One of the greatest barriers to the success of the program in northern Uganda is access to markets. Due to the conflict that plagued the country, infrastructure development has been slow in the north. It is hoped that this will change in the years ahead, but in the meantime, logistical challenges such as road access to markets to buy seeds and sell produce remain a hurdle for local entrepreneurs.

In contrast to the Love Mercy model, the organisation YGAP (Youth Generation Against Poverty) has been investing in “impact entrepreneurs” since its inception in 2008. In that time, the organisation has supported 397 entrepreneurs. The program works by identifying and supporting early-stage entrepreneurs and working with them to grow their venture and develop a sustainable livelihood. YGAP works in Australia, Bangladesh, South Africa, and Kenya, and recently entered the Pacific islands.
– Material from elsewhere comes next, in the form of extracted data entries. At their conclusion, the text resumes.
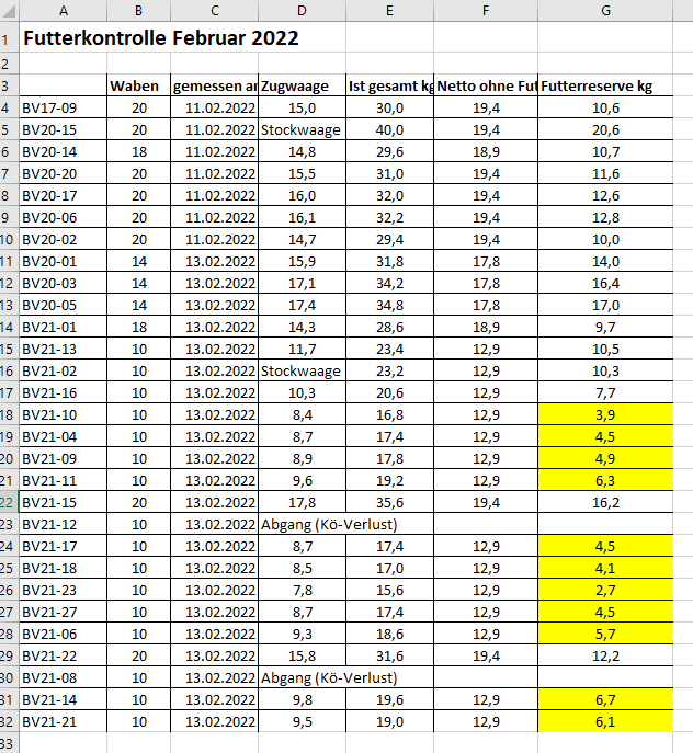 Die hier gezeigte Tabelle gilt nur für unsere Leergewichte. Das kann sich bei anderen Beuten drastisch unterscheiden!
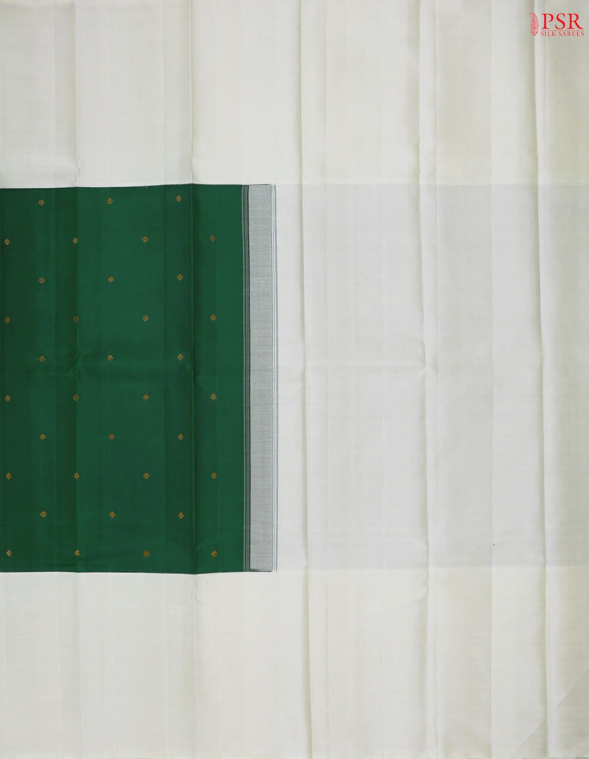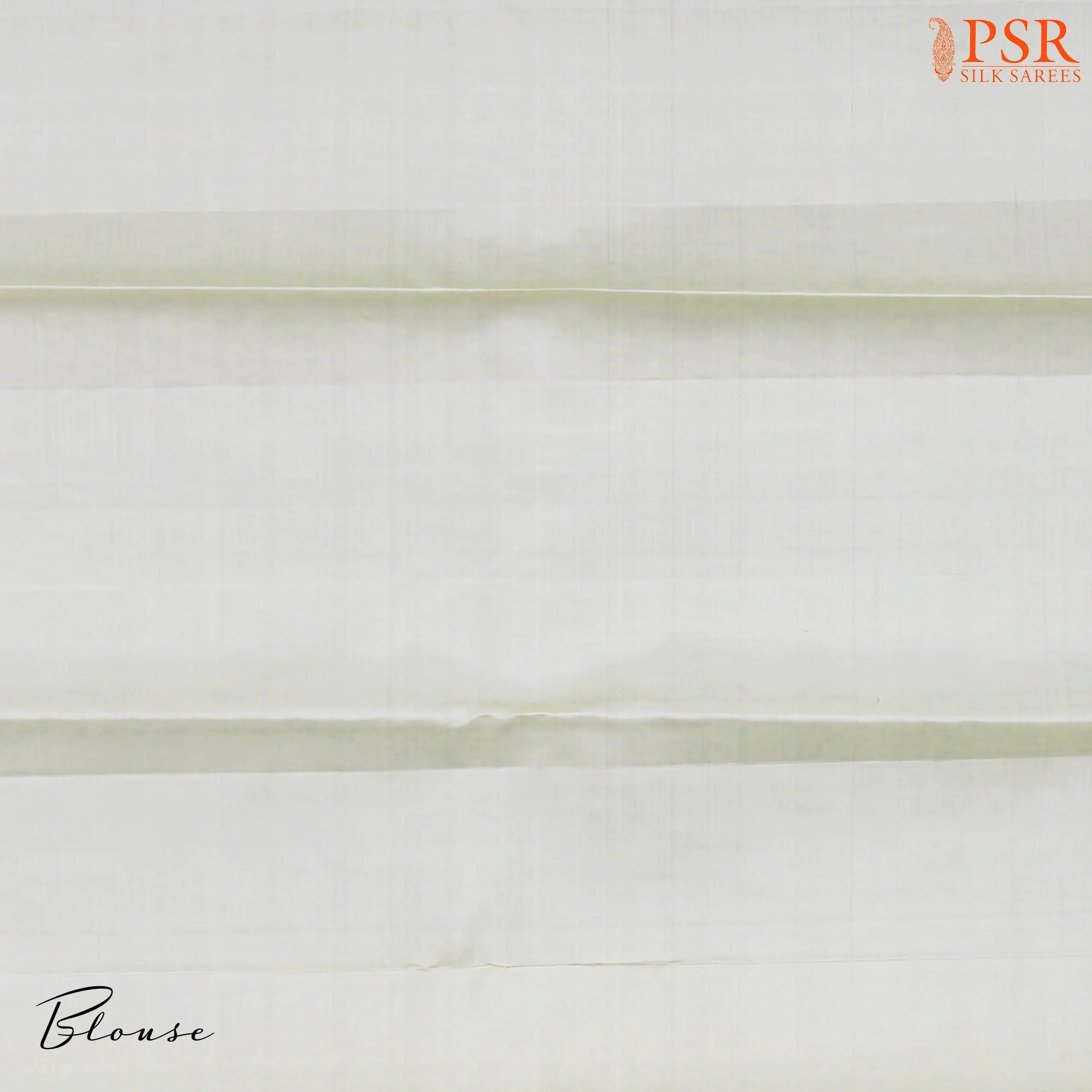 PSR Silk Sarees presents a Dark Green Kanchipuram Silk saree paired with a soothing Pastel Beige combination, offering a blend of elegance and timeless tradition.
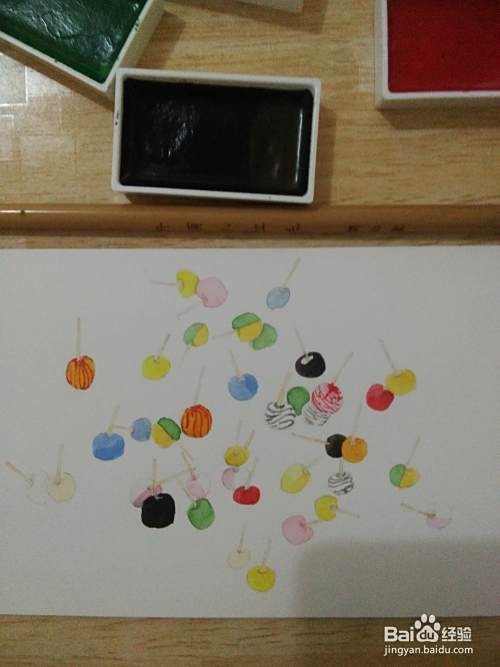 用紫色调墨,调成深紫色,画出一些棒棒糖的颜色,这个颜色可以自由组合,基本上都是平涂的方法晕染每个棒棒糖
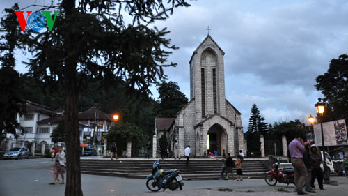 | Nhà thờ đá, biểu tượng của khu du lịch Sa Pa (Lào Cai). |
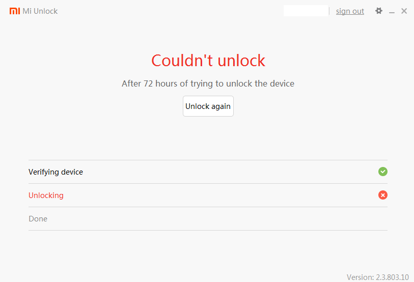 Κατέβασε το τελευταίο mi unlock tool, χρησιμοποιείς παλιό.
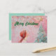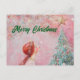 Una tarjeta postal para Navidades cuando estás de viaje y quieres mandar un saludo de vacaciones. El ilustracion delantero muestra un árbol de Navidad y una mujer joven de cabello rojo. El texto principal dice: Feliz Navidad. El texto posterior dice: Y un feliz Año Nuevo.
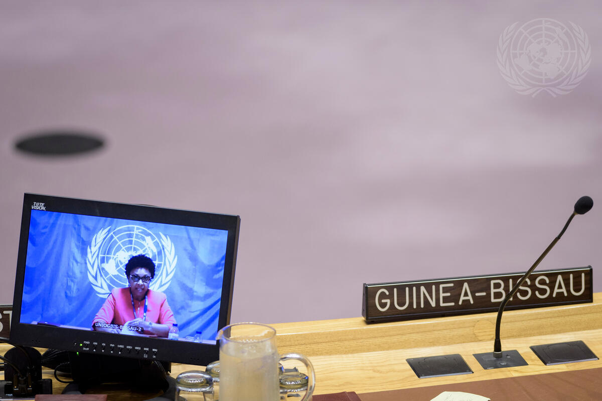 Elisa Maria Tavares Pinto (on screen) of the Economic Community of West African States (ECOWAS) Women, Peace and Security Network, addresses the Security Council meeting on the situation in Guinea-Bissau.
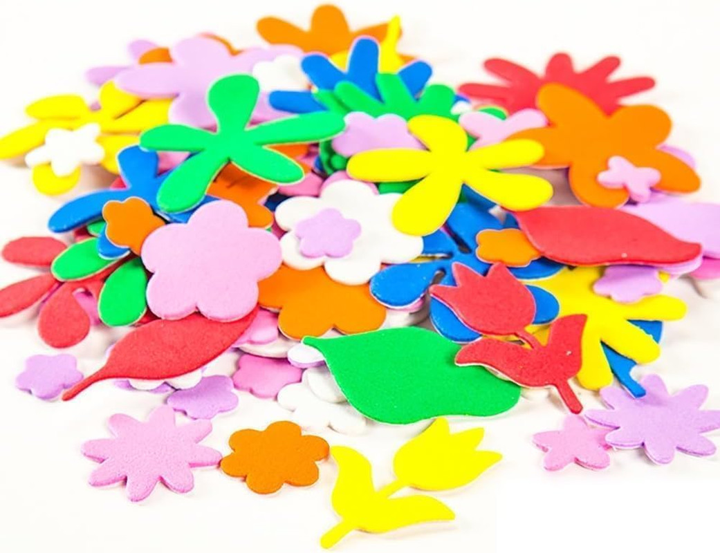 как выглядит 100-Piece Reusable Foam Stickers Set - Assorted Flowers Shapes for DIY Crafts, C фото
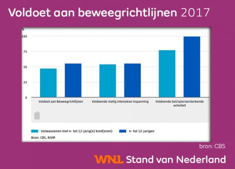 Ruim de helft van de Nederlandse kinderen tussen 4 en 12 jaar bewoog in 2017 voldoende.
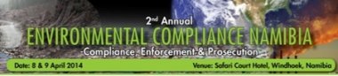 In light of the above, the 3rd Annual Environmental Compliance Namibia is scheduled to take place on 8 & 9 April 2015, Safari Court Hotel, Windhoek, Namibia. The 2015 conference aims to reiterate the importance of collaboration between the private sector, Ministry of Environment & Tourism and related ministries with the aim of environmental compliance.
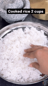 Short‑grain rice like ponni, sona masoori, or raw rice works best. The grains should be cooked, fluffy, and separate.

Former CEO and founder of YGAP Elliot Costello advocates for supporting local entrepreneurship, on the basis that local people know best what is in their interests. It seems obvious, but the question of who in a community to invest in, whether through grants, loans, or another modality, is often a point of contention. Love Mercy and YGAP both invest in entrepreneurs.

There is no distinct difference between an entrepreneur in the informal economy and an entrepreneur in the formal economy, so perhaps the formal versus informal binary is largely redundant when discussing entrepreneurship. There is no clear point where an entrepreneurial venture that originated in the informal sector becomes a formal-sector entity.

The point remains that choosing entrepreneurship over formal-sector employment carries greater risks, particularly in the early stages. There is the risk of a prolonged period without an income, or lacking the safety nets that sometimes come with formal employment, such as insurance or food allowances. Yet successful entrepreneurship has the power to transform not only the life of the entrepreneur, but also the lives of all people associated with the entrepreneur.

While Love Mercy and YGAP have different approaches, both achieve similar ends: they nurture early-stage entrepreneurship by providing the support that is often absent in the informal economy. They work with entrepreneurs to grow their ventures until such time that they are no longer needed and can move their support to another entrepreneur.

Entrepreneurship has always been the cornerstone of the informal economy, yet what is changing is the support available to early-stage entrepreneurs. This support does not necessarily remove all risk facing entrepreneurs, but it does increase their chance of success.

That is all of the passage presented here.